What to do
Whatever the records say, repeat them exactly as given.

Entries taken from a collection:
☆ ☆ ☆ ☆
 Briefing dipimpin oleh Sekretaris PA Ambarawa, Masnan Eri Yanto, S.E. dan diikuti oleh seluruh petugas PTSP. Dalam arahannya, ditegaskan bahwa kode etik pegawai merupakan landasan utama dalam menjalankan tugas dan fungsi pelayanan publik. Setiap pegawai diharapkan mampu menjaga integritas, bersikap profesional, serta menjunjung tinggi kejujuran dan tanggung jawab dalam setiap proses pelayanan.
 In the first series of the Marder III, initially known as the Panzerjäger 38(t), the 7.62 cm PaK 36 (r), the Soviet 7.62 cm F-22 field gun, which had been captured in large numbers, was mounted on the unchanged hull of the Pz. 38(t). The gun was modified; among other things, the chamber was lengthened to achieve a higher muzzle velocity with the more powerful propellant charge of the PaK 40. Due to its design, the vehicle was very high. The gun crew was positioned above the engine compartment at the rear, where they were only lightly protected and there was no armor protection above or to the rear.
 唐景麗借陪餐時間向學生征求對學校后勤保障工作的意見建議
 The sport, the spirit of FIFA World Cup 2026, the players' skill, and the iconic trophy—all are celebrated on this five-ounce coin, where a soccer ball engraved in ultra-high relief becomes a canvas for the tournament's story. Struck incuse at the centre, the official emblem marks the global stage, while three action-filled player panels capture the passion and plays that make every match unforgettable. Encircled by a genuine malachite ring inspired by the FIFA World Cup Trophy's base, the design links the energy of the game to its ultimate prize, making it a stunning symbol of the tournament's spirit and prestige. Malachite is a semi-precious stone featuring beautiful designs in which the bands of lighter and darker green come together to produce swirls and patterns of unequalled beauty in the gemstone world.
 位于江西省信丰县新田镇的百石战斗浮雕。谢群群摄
☆ ☆ ☆ ☆
Completed task
 Briefing dipimpin oleh Sekretaris PA Ambarawa, Masnan Eri Yanto, S.E. dan diikuti oleh seluruh petugas PTSP. Dalam arahannya, ditegaskan bahwa kode etik pegawai merupakan landasan utama dalam menjalankan tugas dan fungsi pelayanan publik. Setiap pegawai diharapkan mampu menjaga integritas, bersikap profesional, serta menjunjung tinggi kejujuran dan tanggung jawab dalam setiap proses pelayanan.
 In the first series of the Marder III, initially known as the Panzerjäger 38(t), the 7.62 cm PaK 36 (r), the Soviet 7.62 cm F-22 field gun, which had been captured in large numbers, was mounted on the unchanged hull of the Pz. 38(t). The gun was modified; among other things, the chamber was lengthened to achieve a higher muzzle velocity with the more powerful propellant charge of the PaK 40. Due to its design, the vehicle was very high. The gun crew was positioned above the engine compartment at the rear, where they were only lightly protected and there was no armor protection above or to the rear.
 唐景麗借陪餐時間向學生征求對學校后勤保障工作的意見建議
 The sport, the spirit of FIFA World Cup 2026, the players' skill, and the iconic trophy—all are celebrated on this five-ounce coin, where a soccer ball engraved in ultra-high relief becomes a canvas for the tournament's story. Struck incuse at the centre, the official emblem marks the global stage, while three action-filled player panels capture the passion and plays that make every match unforgettable. Encircled by a genuine malachite ring inspired by the FIFA World Cup Trophy's base, the design links the energy of the game to its ultimate prize, making it a stunning symbol of the tournament's spirit and prestige. Malachite is a semi-precious stone featuring beautiful designs in which the bands of lighter and darker green come together to produce swirls and patterns of unequalled beauty in the gemstone world.
 位于江西省信丰县新田镇的百石战斗浮雕。谢群群摄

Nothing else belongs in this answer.